• **Exercise directions**
Return each line below exactly as it reads, and omit any image in it.

• **Information shown**

- - - -

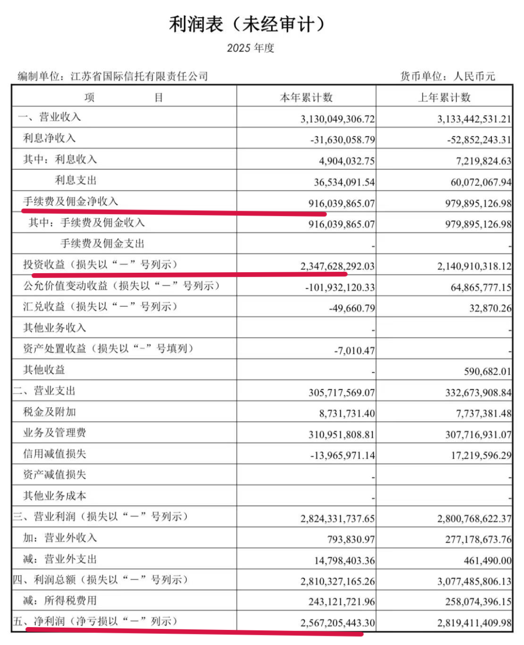 近日,江苏国信股份有限公司发布自愿性信息披露公告,旗下控股子公司江苏省国际信托有限责任公司(简称“江苏信托”)2025年度未经审计的财务数据正式揭晓。
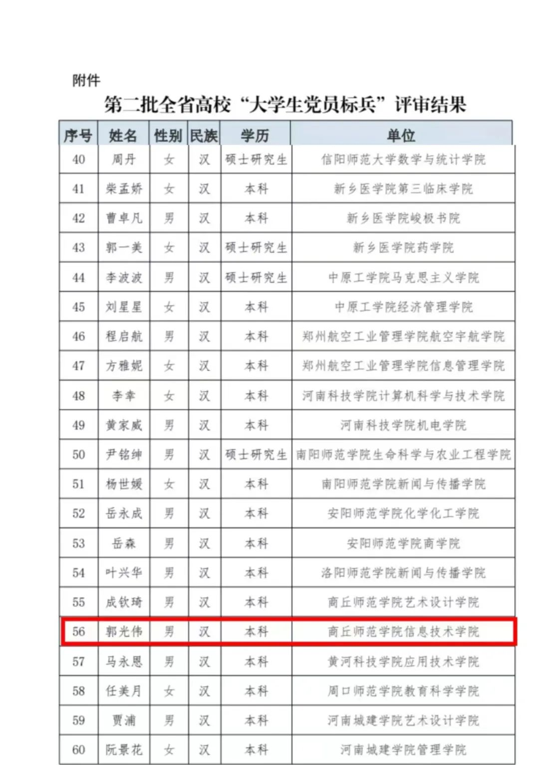 近日,第二批全省高校“大学生党员标兵”评审结果公布,经高校遴选、推荐和省委教育工委专家评审,共在全省高校中评选出100名大学生党员标兵,beat365官网学子郭光伟成功入选。
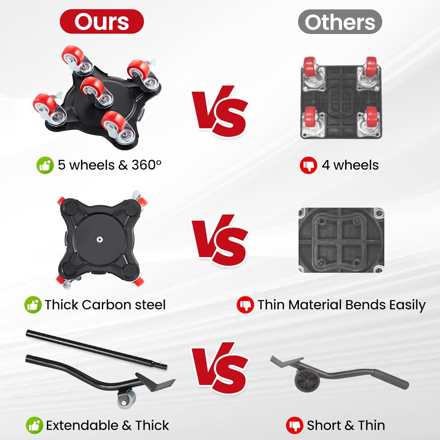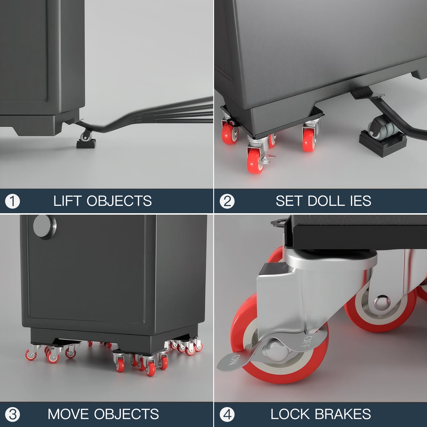 - Each dolly supports up to 3474 pounds (1575kg) effortlessly.

- - - -

• **Answer to the exercise**
 近日,江苏国信股份有限公司发布自愿性信息披露公告,旗下控股子公司江苏省国际信托有限责任公司(简称“江苏信托”)2025年度未经审计的财务数据正式揭晓。
 近日,第二批全省高校“大学生党员标兵”评审结果公布,经高校遴选、推荐和省委教育工委专家评审,共在全省高校中评选出100名大学生党员标兵,beat365官网学子郭光伟成功入选。
 - Each dolly supports up to 3474 pounds (1575kg) effortlessly.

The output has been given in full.